Juros são o principal obstáculo
Durigan classificou o alto custo do dinheiro como o maior problema econômico do país. Segundo ele, juros elevados prejudicam famílias, empresas, produtores rurais e até o próprio governo, ao encarecer o financiamento da dívida pública e reduzir os investimentos produtivos.
Na avaliação do ministro, o Brasil precisa criar condições para reduzir gradualmente o custo do crédito, permitindo que mais recursos sejam direcionados para investimentos em produção, inovação e geração de empregos, e não apenas para aplicações financeiras.
Ele também defendeu a continuidade do ajuste fiscal como condição para abrir espaço à queda dos juros e ampliar investimentos públicos em áreas consideradas estratégicas.

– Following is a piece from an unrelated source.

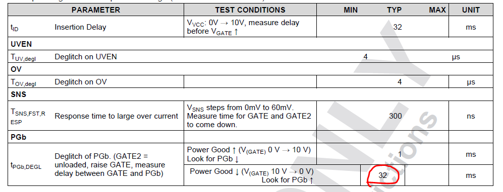 and when i do the test of turning off the power, find the below figure,yellow is the pgood and blue is the drivew.when gate 10V-->0V, but PGb delay 30ms? why ? can we decrease the time, for we want to use it to do the design of the input signal.

Reforma tributária e revisão de incentivos
Durigan classificou o atual sistema brasileiro como complexo, burocrático e incompatível com as necessidades de uma economia moderna. Segundo ele, embora a transição seja desafiadora, a simplificação tributária representa uma mudança estrutural necessária para aumentar a competitividade do país.
O ministro também justificou a revisão de benefícios fiscais federais, especialmente das subvenções concedidas a partir de incentivos estaduais de ICMS.
Segundo ele, incentivos federais precisam estar vinculados a investimentos efetivos e não podem servir apenas como renúncia tributária sem contrapartida econômica.
Contas públicas e programas sociais
Ao defender equilíbrio fiscal, Durigan afirmou que responsabilidade nas contas públicas não significa redução das políticas sociais.
Segundo ele, programas como o Bolsa Família devem permanecer como instrumentos permanentes de proteção social, mas precisam ser continuamente aperfeiçoados para estimular a inserção no mercado de trabalho e aumentar sua eficiência.
O ministro também afirmou que o governo evitou medidas fiscais de caráter eleitoral e defendeu que eventuais desonerações ocorram apenas de forma temporária e acompanhadas por compensações nas receitas públicas.
Instituições e segurança jurídica
Em um dos momentos mais enfáticos, Durigan afirmou que crescimento econômico depende da preservação das instituições democráticas e da segurança jurídica.
Ao comentar o caso do Banco Master, defendeu o fortalecimento dos órgãos de controle e alertou para o risco de enfraquecimento institucional.
Segundo ele, investidores nacionais e estrangeiros precisam ter previsibilidade e confiança no funcionamento do Judiciário e das demais instituições.
Para o ministro, discursos que atacam ou deslegitimam as instituições acabam comprometendo o ambiente de negócios e afastando investimentos.
Compromisso com a indústria
Durigan reafirmou que pretende ampliar o diálogo com o setor industrial e disse considerar a indústria elemento essencial para que o Brasil avance em tecnologia, inovação, produtividade e soberania econômica. "O Brasil não vai construir um projeto de desenvolvimento sustentável sem fortalecer sua base industrial", concluiu.